Turning off a Gene in Potatoes ：Potato Chips with Less Carcinogens

In a groundbreaking stride for food safety and snack lovers everywhere, scientists have made a leap forward in the battle against carcinogens found in one of our favorite treats: potato chips. By ‘flicking the switch’ on a gene responsible for the production of acrylamide, a known carcinogen, in cold-stored potatoes, they’ve paved the way for healthier fried foods across the globe.

“This discovery represents a significant advancement in our understanding of potato development and its implications for food quality and health,” stated Jiming Jiang, a Research Foundation Professor at Michigan State University (MSU). His work, alongside colleague David Douches, could revolutionize the way we store and consume potatoes, particularly in their most beloved form: the crispy, golden chip.

The US potato industry is a robust market, generating $240 million annually. To meet the year-round demand, potatoes are often stored in cold environments, which unfortunately triggers a natural process in the tubers that converts starches to sugars. This process, known as cold-induced sweetening (CIS), not only darkens the potato when cooked but also increases the levels of acrylamide, a substance with carcinogenic properties.

“Solar Roasted Garlic Potatoes” by EBKauai is licensed under CC BY 2.0

The MSU scientists, Jiang and Douches, have identified the gene that regulates this temperature-driven sugar conversion, known as the potato vacuolar invertase gene, or VInv. By inhibiting this gene, potatoes can be stored in cold conditions without the risk of acrylamide formation during cooking. This not only benefits consumer health but also has the potential to save time and money for producers, as the need for interventions to reduce sugars in cold-stored tubers is eliminated.

“We’ve identified the specific gene responsible for CIS and, more importantly, we’ve uncovered the regulatory element that switches it on under cold temperatures,” explained Jiang. The implications of this research are vast, promising a future where potatoes can resist the sweetening process naturally, without the need for costly and flavor-altering techniques currently used to reduce sugar content.

The team at MSU is not just stopping at the laboratory doors.

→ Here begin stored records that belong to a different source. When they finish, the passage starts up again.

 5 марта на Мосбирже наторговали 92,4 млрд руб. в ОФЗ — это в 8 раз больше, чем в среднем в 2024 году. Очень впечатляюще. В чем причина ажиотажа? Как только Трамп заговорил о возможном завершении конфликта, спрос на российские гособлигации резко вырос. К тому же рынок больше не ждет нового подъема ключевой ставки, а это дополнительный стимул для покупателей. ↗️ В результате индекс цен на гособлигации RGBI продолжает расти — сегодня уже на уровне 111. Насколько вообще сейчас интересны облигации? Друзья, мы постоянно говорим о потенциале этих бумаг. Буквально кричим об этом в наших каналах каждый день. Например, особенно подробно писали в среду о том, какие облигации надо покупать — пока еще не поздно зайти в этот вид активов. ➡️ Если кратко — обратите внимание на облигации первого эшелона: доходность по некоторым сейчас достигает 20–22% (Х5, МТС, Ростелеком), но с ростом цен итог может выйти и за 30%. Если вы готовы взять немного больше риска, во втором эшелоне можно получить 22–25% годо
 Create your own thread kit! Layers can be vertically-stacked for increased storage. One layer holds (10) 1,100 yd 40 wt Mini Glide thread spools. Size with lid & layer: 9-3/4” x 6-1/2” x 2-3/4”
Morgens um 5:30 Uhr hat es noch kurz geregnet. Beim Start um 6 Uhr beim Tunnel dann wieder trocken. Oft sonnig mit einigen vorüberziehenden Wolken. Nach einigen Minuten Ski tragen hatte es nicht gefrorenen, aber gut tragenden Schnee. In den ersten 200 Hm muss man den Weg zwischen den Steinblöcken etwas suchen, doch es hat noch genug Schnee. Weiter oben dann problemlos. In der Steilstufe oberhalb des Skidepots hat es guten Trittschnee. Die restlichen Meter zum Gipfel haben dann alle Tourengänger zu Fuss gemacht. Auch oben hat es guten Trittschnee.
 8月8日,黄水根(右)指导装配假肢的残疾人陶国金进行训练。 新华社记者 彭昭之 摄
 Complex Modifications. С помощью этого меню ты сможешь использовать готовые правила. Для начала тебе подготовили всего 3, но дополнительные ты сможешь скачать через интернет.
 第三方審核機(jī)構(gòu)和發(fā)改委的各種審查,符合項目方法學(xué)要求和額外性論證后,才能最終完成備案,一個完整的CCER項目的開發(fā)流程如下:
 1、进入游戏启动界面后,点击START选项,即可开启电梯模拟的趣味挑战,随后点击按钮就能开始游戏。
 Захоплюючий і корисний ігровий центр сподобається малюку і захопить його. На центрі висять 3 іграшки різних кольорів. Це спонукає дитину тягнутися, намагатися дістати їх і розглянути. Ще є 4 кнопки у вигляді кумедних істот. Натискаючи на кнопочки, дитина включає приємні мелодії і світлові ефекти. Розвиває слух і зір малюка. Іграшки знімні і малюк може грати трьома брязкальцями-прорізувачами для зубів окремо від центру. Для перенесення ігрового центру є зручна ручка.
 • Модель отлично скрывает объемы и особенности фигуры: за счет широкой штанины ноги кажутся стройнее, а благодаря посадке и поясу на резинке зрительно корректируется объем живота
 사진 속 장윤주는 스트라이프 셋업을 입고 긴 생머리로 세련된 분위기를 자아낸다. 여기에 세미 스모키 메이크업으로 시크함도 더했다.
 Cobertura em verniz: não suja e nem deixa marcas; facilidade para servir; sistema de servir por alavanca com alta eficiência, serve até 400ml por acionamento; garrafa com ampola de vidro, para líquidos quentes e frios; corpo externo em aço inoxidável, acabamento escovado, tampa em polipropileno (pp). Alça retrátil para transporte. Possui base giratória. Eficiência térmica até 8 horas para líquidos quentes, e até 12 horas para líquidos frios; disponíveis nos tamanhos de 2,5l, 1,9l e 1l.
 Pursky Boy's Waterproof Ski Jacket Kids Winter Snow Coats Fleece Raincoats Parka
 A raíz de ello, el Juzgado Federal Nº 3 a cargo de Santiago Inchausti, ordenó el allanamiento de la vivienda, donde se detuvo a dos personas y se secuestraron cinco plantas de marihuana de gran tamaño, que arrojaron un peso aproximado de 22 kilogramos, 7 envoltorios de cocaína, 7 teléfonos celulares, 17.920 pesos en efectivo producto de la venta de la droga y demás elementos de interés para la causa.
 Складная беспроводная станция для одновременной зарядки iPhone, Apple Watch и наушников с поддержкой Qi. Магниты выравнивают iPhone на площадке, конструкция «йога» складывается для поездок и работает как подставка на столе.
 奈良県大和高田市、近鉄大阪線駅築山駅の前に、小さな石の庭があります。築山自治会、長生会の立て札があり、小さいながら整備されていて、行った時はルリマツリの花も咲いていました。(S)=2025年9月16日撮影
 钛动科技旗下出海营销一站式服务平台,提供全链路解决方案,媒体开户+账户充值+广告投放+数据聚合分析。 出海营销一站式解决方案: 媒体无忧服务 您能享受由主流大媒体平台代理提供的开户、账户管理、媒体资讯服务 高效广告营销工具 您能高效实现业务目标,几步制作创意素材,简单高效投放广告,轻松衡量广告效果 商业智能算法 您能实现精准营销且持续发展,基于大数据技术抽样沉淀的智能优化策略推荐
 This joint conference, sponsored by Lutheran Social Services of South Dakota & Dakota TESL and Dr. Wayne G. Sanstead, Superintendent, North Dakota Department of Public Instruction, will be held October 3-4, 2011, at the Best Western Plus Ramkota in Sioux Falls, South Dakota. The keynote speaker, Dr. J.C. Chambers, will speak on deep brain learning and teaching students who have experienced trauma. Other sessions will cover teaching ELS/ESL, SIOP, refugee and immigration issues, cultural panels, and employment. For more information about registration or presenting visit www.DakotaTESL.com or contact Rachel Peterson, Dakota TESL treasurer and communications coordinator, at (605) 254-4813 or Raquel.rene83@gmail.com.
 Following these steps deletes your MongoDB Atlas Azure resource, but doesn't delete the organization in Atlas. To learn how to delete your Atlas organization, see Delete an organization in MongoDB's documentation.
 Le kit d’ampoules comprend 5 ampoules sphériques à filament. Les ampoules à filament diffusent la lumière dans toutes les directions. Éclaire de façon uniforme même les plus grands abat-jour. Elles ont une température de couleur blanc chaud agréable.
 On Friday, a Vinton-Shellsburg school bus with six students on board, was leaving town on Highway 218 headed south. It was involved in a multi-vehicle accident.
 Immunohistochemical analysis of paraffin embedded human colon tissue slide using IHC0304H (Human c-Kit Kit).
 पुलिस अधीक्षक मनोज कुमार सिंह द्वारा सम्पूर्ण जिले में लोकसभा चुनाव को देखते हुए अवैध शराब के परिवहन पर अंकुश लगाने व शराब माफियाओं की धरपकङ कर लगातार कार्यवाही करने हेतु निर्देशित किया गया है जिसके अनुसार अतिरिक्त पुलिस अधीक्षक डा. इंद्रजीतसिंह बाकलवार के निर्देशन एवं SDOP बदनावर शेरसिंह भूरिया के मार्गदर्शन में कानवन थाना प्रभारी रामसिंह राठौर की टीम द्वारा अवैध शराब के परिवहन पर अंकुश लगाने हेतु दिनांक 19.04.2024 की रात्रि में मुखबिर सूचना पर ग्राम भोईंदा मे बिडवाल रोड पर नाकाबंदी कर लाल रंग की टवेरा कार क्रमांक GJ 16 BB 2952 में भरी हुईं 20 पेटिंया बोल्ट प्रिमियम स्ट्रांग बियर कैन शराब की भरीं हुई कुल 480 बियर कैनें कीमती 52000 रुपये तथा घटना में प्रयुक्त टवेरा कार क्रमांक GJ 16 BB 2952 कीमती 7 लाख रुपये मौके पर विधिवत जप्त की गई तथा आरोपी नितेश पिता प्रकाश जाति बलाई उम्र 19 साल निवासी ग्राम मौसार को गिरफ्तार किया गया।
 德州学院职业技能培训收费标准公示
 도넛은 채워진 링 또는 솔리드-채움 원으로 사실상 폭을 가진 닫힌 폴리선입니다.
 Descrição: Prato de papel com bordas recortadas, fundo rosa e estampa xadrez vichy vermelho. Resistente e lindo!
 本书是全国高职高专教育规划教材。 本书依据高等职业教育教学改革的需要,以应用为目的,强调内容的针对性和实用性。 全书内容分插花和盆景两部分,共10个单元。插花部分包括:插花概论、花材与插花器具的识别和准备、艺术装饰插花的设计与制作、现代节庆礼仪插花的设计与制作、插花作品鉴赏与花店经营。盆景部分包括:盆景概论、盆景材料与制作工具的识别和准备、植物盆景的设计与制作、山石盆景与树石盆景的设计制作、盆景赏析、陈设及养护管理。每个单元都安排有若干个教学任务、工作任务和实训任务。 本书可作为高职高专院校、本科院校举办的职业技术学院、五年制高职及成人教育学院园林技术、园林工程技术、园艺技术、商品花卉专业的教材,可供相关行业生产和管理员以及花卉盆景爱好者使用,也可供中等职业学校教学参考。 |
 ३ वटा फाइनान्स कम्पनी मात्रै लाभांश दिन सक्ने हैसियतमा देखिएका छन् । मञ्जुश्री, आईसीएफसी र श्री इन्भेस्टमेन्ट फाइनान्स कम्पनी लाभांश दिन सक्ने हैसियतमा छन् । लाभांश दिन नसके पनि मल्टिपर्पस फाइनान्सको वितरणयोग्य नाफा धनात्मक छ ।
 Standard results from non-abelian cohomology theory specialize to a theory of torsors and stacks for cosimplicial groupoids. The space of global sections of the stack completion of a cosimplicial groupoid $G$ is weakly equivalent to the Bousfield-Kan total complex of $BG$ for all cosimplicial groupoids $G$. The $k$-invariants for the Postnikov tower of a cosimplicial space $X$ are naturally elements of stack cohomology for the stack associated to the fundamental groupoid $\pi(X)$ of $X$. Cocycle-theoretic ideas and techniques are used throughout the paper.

They are actively working on breeding techniques to produce these ‘healthier’ potatoes. “All our facilities are on campus so the research work can be done efficiently,” said Douches, who leads MSU’s potato breeding and genetics program. Their collaboration has set the stage for targeted genetic modification to create cold-resistant potato varieties.

The study, published in the journal The Plant Cell, is not a mere academic exercise. It has real-world implications for the $250 billion global savory snack market and sets a new standard for global food health standards. With nearly 300 million Americans projected to enjoy potato chips this year, the impact of this research is not to be underestimated.

The potential of this discovery extends beyond just potato chips. Acrylamide is a concern in various starchy foods processed at high temperatures, and the breakthrough at MSU could have broader implications for food safety in general.

“Our next steps involve using this knowledge to create CIS-resistant potato lines through gene editing or other breeding techniques in Dr. Douches’ greenhouses,” Jiang added, indicating that the journey from lab to greenhouse to chip bag is well underway.

The work of Jiang and Douches at MSU represents more than just a scientific curiosity; it is a step towards a future where our favorite snacks are not only tastier but also safer. As Jiang puts it, this advancement “has the potential to affect every single bag of potato chips around the world,” making it a pivotal moment for both the potato industry and consumers alike.